_Task instructions_:
Pictures are to be left out, and only the lines below starting at the one with "(a) Using a" and ending at the one with "Love Chicken is" are to be reproduced, each exactly, both ends included.
· · ·
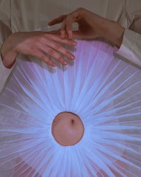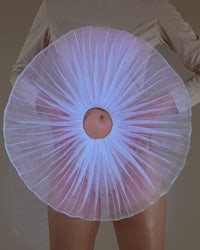 Buco sull’addome con ruota rimovibile di organza di cotone impunturata con pieghe baciate steccata con regilene.
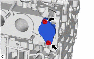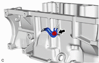 | (a) Using a 12 mm hexagon socket wrench, install the oil filter union to the stiffening crankcase assembly. Torque: 29.5 N·m {301 kgf·cm, 22 ft·lbf} |
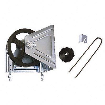 1PK Garage Door Opener Wall Mount Garage Door Opener Manual Chain Hoist Max. Door Height (Ft.) 18 Standards 1 in Bore Includes (1) Chain Keeper and 1/4 in Key 26 ft of Hand Chain 3 ft of #41 Roller Chain 4:1 Reduction Sprocket Wall Mounting NULL
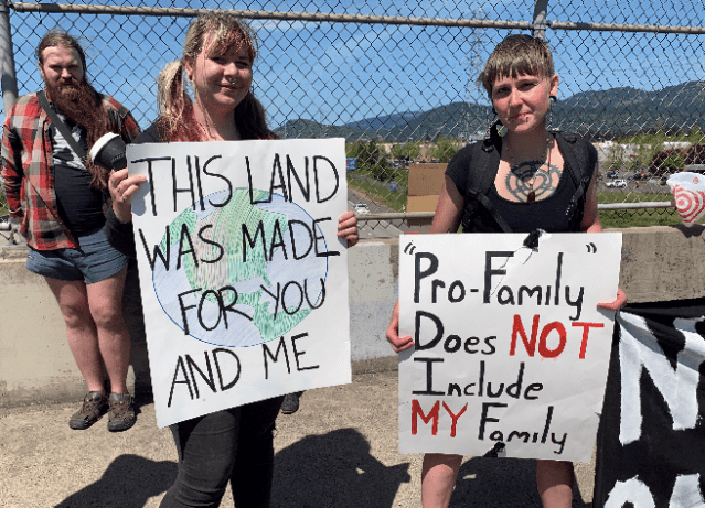 Love Chicken is now going to be about Donald Trump, too. Many claim he is mentally ill. He empowers himself with the mentally ill by claiming he is a Christian – and on their side. I believe half, if not all, the folks on the Harlow Road overpass, suffer from mental illness, that is being masked by Religious Addiction, and reaction to our National Disease. The folks wearing the “Hex” and the upside down cross, probably have evangelical parents.
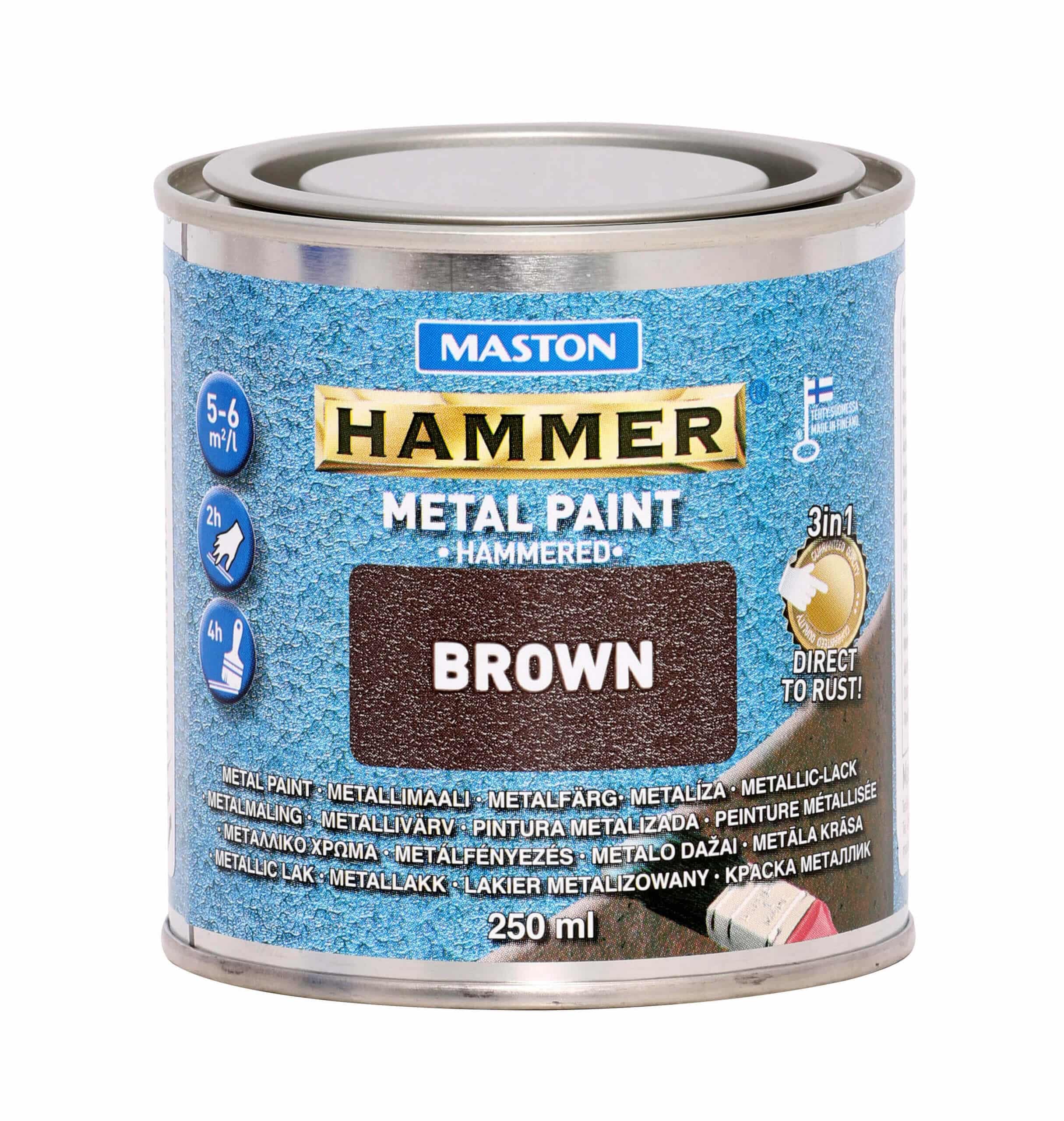 3 efni í einni dós: ryðvörn, grunnur og litur. Glansandi, sterk og mjög slitþolin yfirborðsáferð og einstaklega endingargott yfirborð með aðeins einni málaðri umferð. Hægt er að mála nýjan og gamlan málm og einnig beint á ryð. Auðvelt er að mála á áður málaða járn- og stálfleti með Maston HAMMER málmmálningu. Hentar líka á viðarfleti.
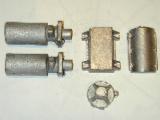 The engine at the head of the page was built by founder Motor Boy, Don McCluskey, from his own patterns and castings. This engine is now under the care of Don's life long friend, Bert Striegler. The photo here shows the last remaining set of Don's castings with one cylinder partially machined by Don himself. They sit under my bench awaiting the right moment to become a foreground job. I'd be tempted to make the shaft along the lines of the Prototype Taplin Twin shaft. This arrangement provides a degree of latitude in alignment and obviates the need for big-end straps, while still permitting easy disassembly (see the GA drawing above).
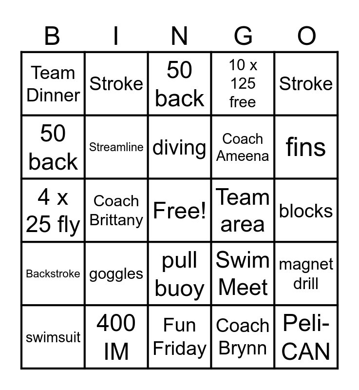 This bingo card has 1 images, a free space and 200 words: Butterfly, Backstroke, Freestyle, Breaststroke, IM, Relay, Coach Brittany, Coach Brynn, Coach Ameena, Coach Delina, Coach Naela, Peli-CAN, Streamline, kick board, pull buoy, water polo, magnet drill, 6 kick switch drill, spring, 500 free, 50 back, 25 breast, 4 x 25 fly, 400 IM, 10 x 125 free, 10 x 75 free, snorkel, Swim Meet, Team Dinner, goggles, swimsuit, zipper drill, 3 second glide drill, modified dolphin dives, blocks, diving, Take your mark!, 2 hand touch, Finish on you back, ribbons, Pelican Harbor, Bolingbrook, fins, Fun Friday, Funday Monday, cap, Bullpen, Team area, Breath every 3, Stroke, 10 x 125 free, 4 x 25 fly, Backstroke, Bullpen, Coach Brynn, fins, IM, Pelican Harbor, spring, Take your mark!, 10 x 75 free, 400 IM, blocks, Butterfly, Coach Delina, Freestyle, kick board, pull buoy, Streamline, Team area, 2 hand touch, 50 back, Bolingbrook, cap, Coach Naela, Fun Friday, magnet drill, Relay, Stroke, Team Dinner, 25 breast, 500 free, Breaststroke, Coach Ameena, diving, Funday Monday, modified dolphin dives, ribbons, Swim Meet, waterpolo, 3 second glide drill, 6 kick switch dril, Breath every 3, Coach Brittany, Finish on you back, goggles, Peli-CAN, snorkel, swimsuit, zipper drill, 10 x 125 free, Bullpen, IM, Take your mark!, blocks, Freestyle, Streamline, 50 back, Coach Naela, Relay, 25 breast, Coach Ameena, modified dolphin dives, waterpolo, Breath every 3, goggles, swimsuit, 4 x 25 fly, Coach Brynn, Pelican Harbor, 10 x 75 free, Butterfly, kick board, Team area, Bolingbrook, Fun Friday, Stroke, 500 free, diving, ribbons, 3 second glide drill, Coach Brittany, Peli-CAN, zipper drill, Backstroke, fins, spring, 400 IM, Coach Delina, pull buoy, 2 hand touch, cap, magnet drill, Team Dinner, Breaststroke, Funday Monday, Swim Meet, 6 kick switch dril, Finish on your back, snorkel, 10 x 125 free, 10 x 75 free, 2 hand touch, 25 breast, 3 second glide drill, 4 x 25 fly, 400 IM, 50 back, 500 free, 6 kick switch dril, Backstroke, blocks, Bolingbrook, Breaststroke, Breath every 3, Bullpen, Butterfly, cap, Coach Ameena, Coach Brittany, Coach Brynn, Coach Delina, Coach Naela, diving, Finish on your back, fins, Freestyle, Fun Friday, Funday Monday, goggles, IM, kick board, magnet drill, modified dolphin dives, Peli-CAN, Pelican Harbor, pull buoy, Relay, ribbons, snorkel, spring, Streamline, Stroke, Swim Meet, swimsuit, Take your mark!, Team area, Team Dinner, water polo and zipper drill.
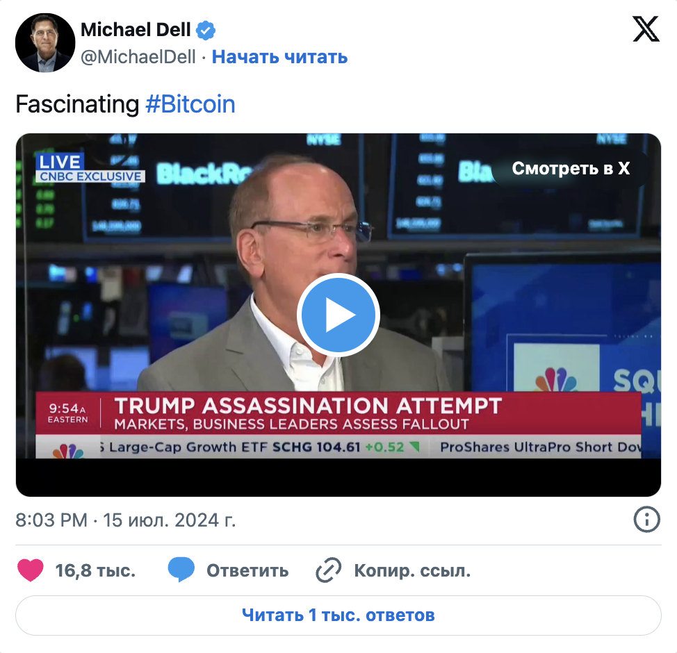 Подозрения усилились, когда в июле Майкл Делл опубликовал видео, где генеральный директор BlackRock Ларри Финк обсуждает биткоин.
· · ·
_Solution to this problem_:
 | (a) Using a 12 mm hexagon socket wrench, install the oil filter union to the stiffening crankcase assembly. Torque: 29.5 N·m {301 kgf·cm, 22 ft·lbf} |
 1PK Garage Door Opener Wall Mount Garage Door Opener Manual Chain Hoist Max. Door Height (Ft.) 18 Standards 1 in Bore Includes (1) Chain Keeper and 1/4 in Key 26 ft of Hand Chain 3 ft of #41 Roller Chain 4:1 Reduction Sprocket Wall Mounting NULL
 Love Chicken is now going to be about Donald Trump, too. Many claim he is mentally ill. He empowers himself with the mentally ill by claiming he is a Christian – and on their side. I believe half, if not all, the folks on the Harlow Road overpass, suffer from mental illness, that is being masked by Religious Addiction, and reaction to our National Disease. The folks wearing the “Hex” and the upside down cross, probably have evangelical parents.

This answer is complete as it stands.